付清月屈辱地穿上短到大腿根部的旗袍,伴著曖昧的音樂跳著舞蹈,許知遠坐在寬大的太師椅上,抱著江清妍隨意把玩著她的手指。
鼓點就像敲在付清月的心上,而許知遠毫無變化的神色就是那用力落下的鼓槌。
徹底在這短短的五分鐘裏,把她所有的驕傲和自尊都擊碎。
最後一個音符落下,許知遠滿意地點頭,“有進步,比之前看起來好看一點。”
他從旁邊的桌子上拿出一遝資料,“把這些內容全部記下來,下午六點,清茗軒宋家約你見麵。”

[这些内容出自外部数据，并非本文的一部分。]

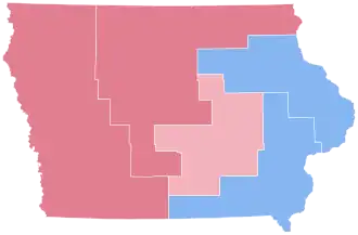 Kerry's strength in the state lay in the highly populated counties of Polk (Des Moines), Linn (Cedar Rapids), Scott (Davenport), Johnson (Iowa City), and Black Hawk (Waterloo). Johnson County, home to the University of Iowa, gave Kerry 64.01% of its vote, Kerry's best performance in the state. However, Kerry also did well in a series of rural and small-town counties in northeastern Iowa and along the Mississippi River, many of which had been traditionally Democratic since at least the 1980s.[8] He won eight of the ten counties along the Mississippi River, including Dubuque County, which had given Gore his margin in the state in 2000. The 1st and 2nd congressional districts were both carried by Kerry, despite being represented by Republicans in Congress.[9] Dubuque is located within the 1st district while the 2nd district contains Cedar Rapids, Iowa City, and Muscatine.[10]
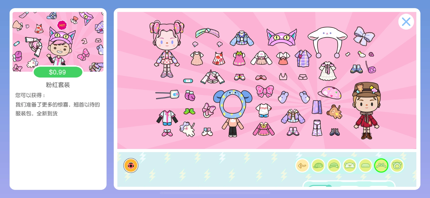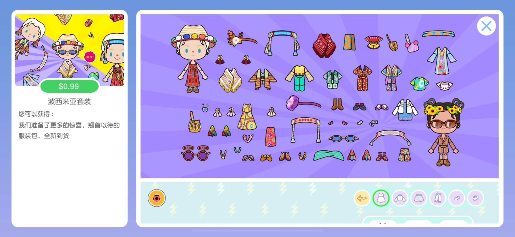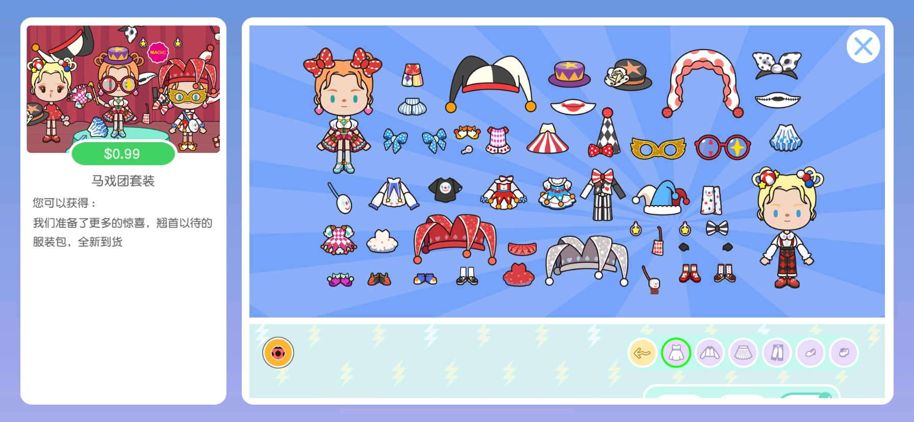 :一个完整的小镇世界,敞开心扉,选择自己的游戏世界,培养健康饮食习惯,吸引更多顾客。全新服装设计套装,内含粉色、波西米亚与马戏团风格系列;更有超百项自定义功能可供使用!

付清月拿過衣架上的浴袍穿上,翻開資料第一頁就是她名義上的大伯哥——宋霖。
“阿月,我相信你的能力。”許知遠像施舍小狗一般賞賜給她一個輕吻。
付清月沒有錯過江清妍閃過的怒意,心底升起一股扭曲的快感,以至於暫時壓過了許知遠親吻帶來的惡心。
下午六點,付清月畫著精致的妝容,忍著高跟鞋陌生的感覺略帶忐忑地走入包廂。
包廂中隻有幾盞昏黃的燭火,淡淡的果香彌漫在空氣中,棕色大衣因為主人漫不經心的動作垂墜在地毯上。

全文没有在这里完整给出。